Yeah, sure, in the right moment. But like unfiltered zaniness while prodding about in a dead body, in the presence of police who are probably more concerned with solving the crime than having a laugh about it. It's not only a tiresome cliche, but it seems a highly inappropriate characterisation.


----------



## SpookyFrank (Feb 1, 2020)

yield said:


> Autistic Savants annoy the shit out of me.



That Ben Affleck movie The Accountant was especially bad with this. There's a scene where someone says that these 'autistic' people could easily look _just like a normal person_. Cue faces of shock and surprise all round the room at the sheer horror of this prospect.


----------



## SpookyFrank (Feb 1, 2020)

T & P said:


> Also, it will take no more than three or four attempts to guess someone’s computer login password, because apparently nobody, not even highly intelligent supervillains, has ever been capable of creating a password more challenging than the name of their lost loved one or the thing they covet the most.



Or the title of a book clearly visible from their  desk.


----------



## T & P (Feb 1, 2020)

Any ordinary lock, from doors’ to desk drawers’ to handcuffs’, can be picked with a hairpin or paperclip, and not just by trained special agents but often by civilians as well.


----------



## Saul Goodman (Feb 1, 2020)

T & P said:


> Any ordinary lock, from doors’ to desk drawers’ to handcuffs’, can be picked with a hairpin or paperclip, and not just by trained special agents but often by civilians as well.


And credit cards to open doors.
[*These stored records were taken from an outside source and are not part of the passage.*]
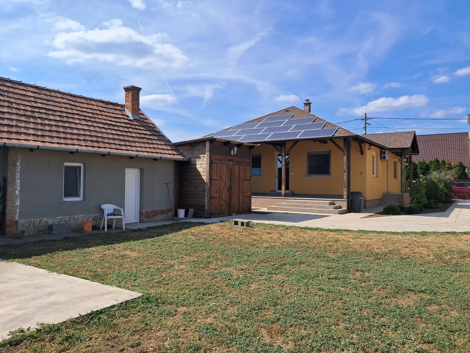 Ez a 2020-ban épült, energiatakarékos, napelemes családi ház egy 1200 négyzetméteres rendezett telken található, és könnyűszerkezetes technológiával készült. A 115 négyzetméteres házban amerikai konyha, nappali, két szoba és egy 30 négyzetméteres fedett terasz található, a telken garázs és melléképület áll. A ház hőszivattyús, padlófűtéses, de gáz cirkó is üzembe helyezhető. Két hűtő-fűtő klíma biztosítja a kellemes hőmérsékletet nyáron.
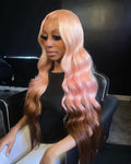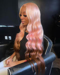 Pink Ombre Wavy Ombre Lace Front Wig Human Hair Wig
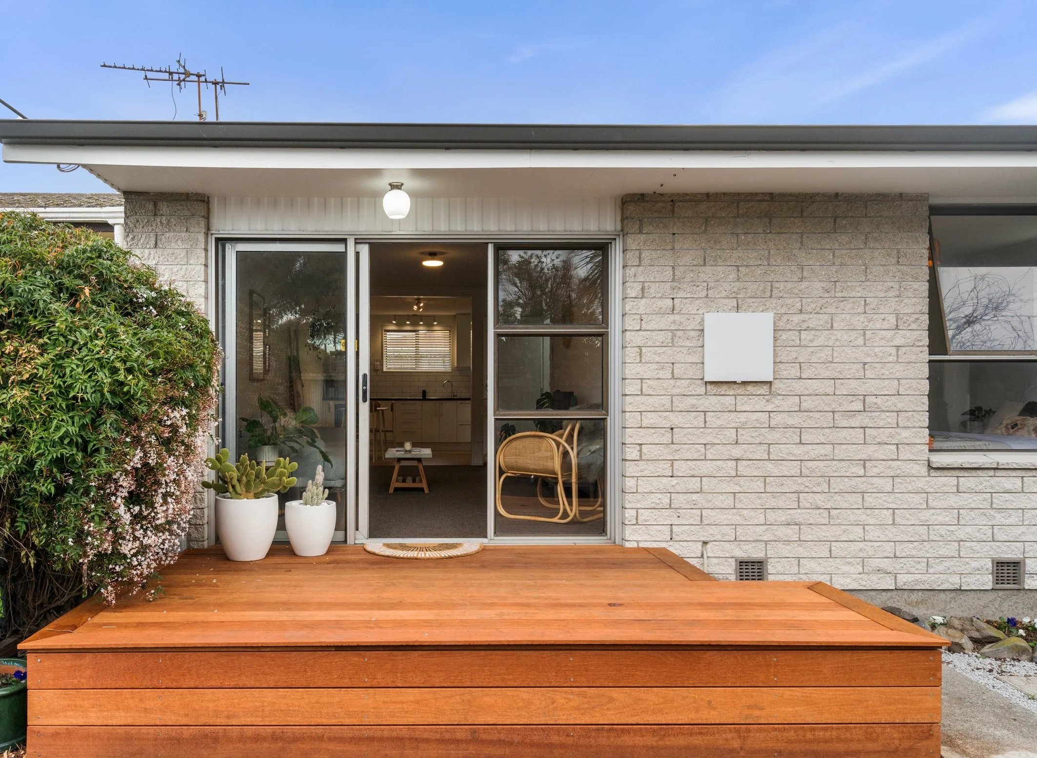 A new deck was added to the front entrance of this property, complete with integrated steps for easy access. Positioned to capture the sun, the deck creates a welcoming entry and a practical outdoor space for entertaining.
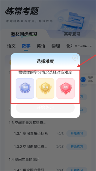 3、弹出【选择难度】窗口,可依据自身学习情况挑选适配的练习难度类型。
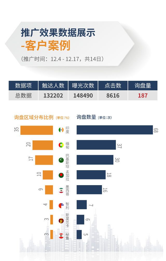 举个栗子,滴度标杆用户“深圳市迈高生物科技有限公司”的产品“肺活量计(spirometer)”率先体验了生意加速宝服务,在滴度、脸书、谷歌、领英、推特等10多种渠道投放广告,通过滴度的精准定向推广,14天收到187封询盘!!!

The door's sat in a recess, FFS. It's impossible to get a credit card in.


----------



## editor (Jun 8, 2020)

Following on from my soaraway 'Did you know these things have names?' thread, I give you this fresh timewaster (which has probably been posted here multiple times already)


----------



## Reno (Jun 8, 2020)

You mean this ? 









						Most overused Clichés in movies/TV shows?
					

And don't forget the drug dealer with a bit of an addiction to his own wares cutting a hole on a wrapped packet of cocaine with the tip of his knife, and snorting it off same utensil. extra baddie points if the drug dealer keeps an addict on hand to test the purity of drugs, last I saw that was...




					www.urban75.net


----------



## belboid (Jun 8, 2020)

3 _is _absolutely correct.  

Obviously it wouldn't be if the word 'safely' were included


----------



## Nanker Phelge (Jun 8, 2020)

If it rains you will hold our your arms and look up to the sky, prefably waving an umbrella


----------



## spanglechick (Jun 8, 2020)

Our unassuming loveable protagonist is, in close up, giving a surprisingly self assured and eloquent speech in which they tell truth to power or confess deep and abiding love.  After some time we pull back or cutaway to show they are either practicing alone or the intended audience has fallen asleep/left.


----------



## two sheds (Jun 8, 2020)

UrbaneFox said:


> Or a stack of empty cardboard boxes, Starsky and Hutch style.


----------



## Sprocket. (Jun 8, 2020)

Medic to the gunshot victim, The bullet went through and through, you’ll be okay.
Two hours later gunshot victim gets in punch-up with baddie and baddie sticks thumb in bullet wound.


----------



## DaveCinzano (Jun 8, 2020)

Tankus said:


> Theres a storm coming


VIENE LA TORMENTA!


----------



## two sheds (Jun 8, 2020)

Hero and heroine meet and annoy each other intensely until their hands touch accidentally when they kiss passionately and marry soon after. 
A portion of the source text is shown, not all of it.